Wasn't Ron Artest on Rush?


----------



## Dissonance (Jul 21, 2004)

Wait till your Heat lose to a team they should beat and then come back this thread. It's nonsense.


----------



## MJG (Jun 29, 2003)

Maybe Kareem Rush will win the scoring title too.


----------



## 36 Karat (Nov 10, 2005)

Didnt the Spurs lose to the Hawks or something the other night?


----------



## PartisanRanger (Oct 24, 2004)

No, the Spurs came back to win by 15 or something. Even really good teams like the Pacers have off nights, but I will admit that I was taken aback when I saw CHA 122, IND 90... that's pretty terrible.


----------



## Brian. (Jul 11, 2002)

If Indiana's D doesn't improve you better believe Carlisle will get Micheal Curry to come out of retirement :biggrin:


----------



## irishfury (Jun 8, 2003)

Brian said:


> If Indiana's D doesn't improve you better believe Carlisle will get Micheal Curry to come out of retirement :biggrin:



LOL if that isn't the truth lol....Oh and that sloth cat lol he tried to tell me last year bulls where winning it all lol.


----------



## Copper (Dec 9, 2004)

PartisanRanger said:


> No, the Spurs came back to win by 15 or something. Even really good teams like the Pacers have off nights, but I will admit that I was taken aback when I saw CHA 122, IND 90... that's pretty terrible.

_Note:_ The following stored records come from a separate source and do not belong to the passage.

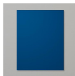
Night Of Navy 8- 1/2" X 11" Cardstock - 100867
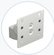
VESA Mount, Tilt/Swivel WF-VESA-MNT
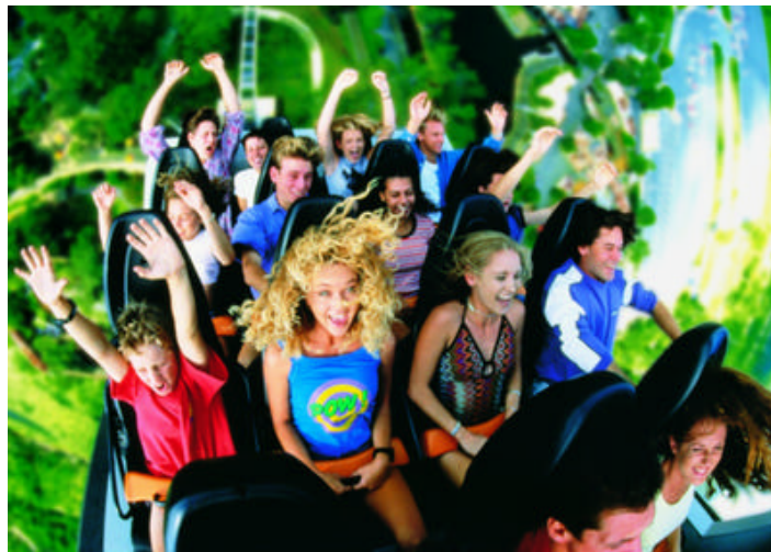
The Tower of Terror – Dreamworld
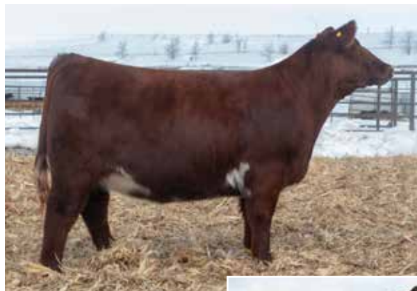
SULL Sapphire 7665E ET

CONSIGNED BY: GREENHORN CATTLE CO & TURNER FAMILY SHORTHORNS DAVE 937-470-6552, JOSH 937-681-1948
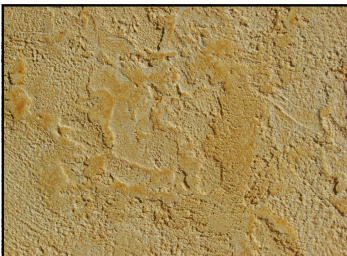
20-63 Sand Stone Standard Color
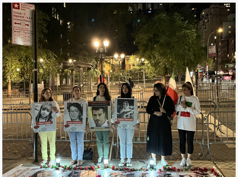
Iranian Americans Hold Picket Line Near UN Headquarters in NYC, 09/21/2024
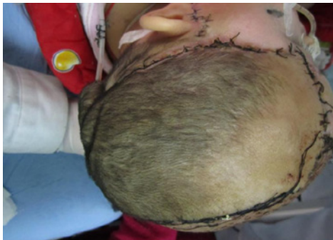
Figure 4: Rotating scalp flap was survived after transplantation.

strength, also with normal muscular tension, in the left limb. As infection in the wound was completely controlled and granulation tissue was fresh (Figure 3), skin transplantation was performed on the 51 st day after admission. The defect areas were covered by a rotating scalp flap from the right frontal and parietal areas. Subsequently, free skin flaps were taken from the left side of the back and transplanted to cover the donation site on the right frontal and parietal areas. The transplanted skin flap had sufficient blood supply and acquired a ruddy color. After operation, the transplanted skin survived (Figure 4). The patient recovered and was discharged on the 71 st day after admission. Six month after injury, the patient's Glasgow Outcome Score was 4 (Figure 5). However, the skull defects are still waiting for treatment.
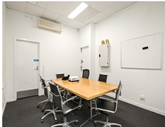
2A MONOMEETH DRIVE, MITCHAM
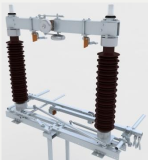
Double-side break 3DN2
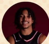
KOBE US Intern Central Washington U
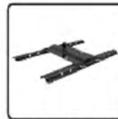
Provides 3' offset gooseneck hitch
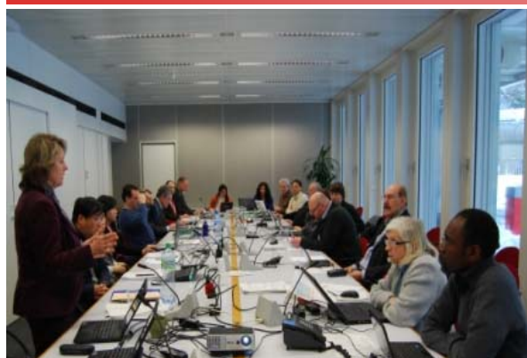
Experts attending the meeting in Geneva

The fifth expert meeting to further develop the Standardized Toolkit for Identification and Quantification of Dioxin and Furan Releases was held in Geneva, Switzerland, from 1 to 3 December 2010.
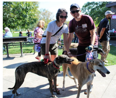
1 st place – Big Tuna on the right (68 ½”)

 That caught my eye on the ticker tape also, I was waiting to read about an injury or something.


----------



## HallOfFamer (May 26, 2003)

The Bobcats also blew away the 76ers last week and went on to beat the Celtics. They also had the Bulls on the ropes opening night. They're a good team this year that may not be playoff bound, but will definitely put up a fight each night.


----------



## southeasy (Jun 11, 2003)

you people are hating on the raptors in a pacers thread, who are you.

toronto played great tonight, but philly played better.

oh, and i do think the pacers are actually good, charlotte just won... without gerald wallace? 

i hope bender isn't injured for long.
PLAY GRANGER & JONATHAN BENDER! :biggrin:


----------



## rock747 (Aug 3, 2004)

The reason the defecit is so big is becuase we put in the next string of guys and pretty much just gave them the ball each posession there at the end.


----------



## Bone Crusher (Jan 1, 2005)

Brian said:


> If Indiana's D doesn't improve you better believe Carlisle will get Micheal Curry to come out of retirement :biggrin:


Indiana's better through 7 games this year than Detroit was last year.


----------



## ChrisWoj (May 17, 2005)

Bone Crusher: None of the Pistons fans were hating on the Pacers. We tend to respect them as a tough team every time out... even if we do hate Artest with a passion, we respect his ability, and we respect the Pacers. What that was there was a joke about Carlisle and his obvious love for Michael Curry... when he coached the Pistons it seemed like an on-going love affair between them.

No need to bring the Pistons into this, when it isn't about them. I'm not gloating about their start, they had a 7 game win streak or two towards the end of last season... this start doesn't mean we're getting cocky.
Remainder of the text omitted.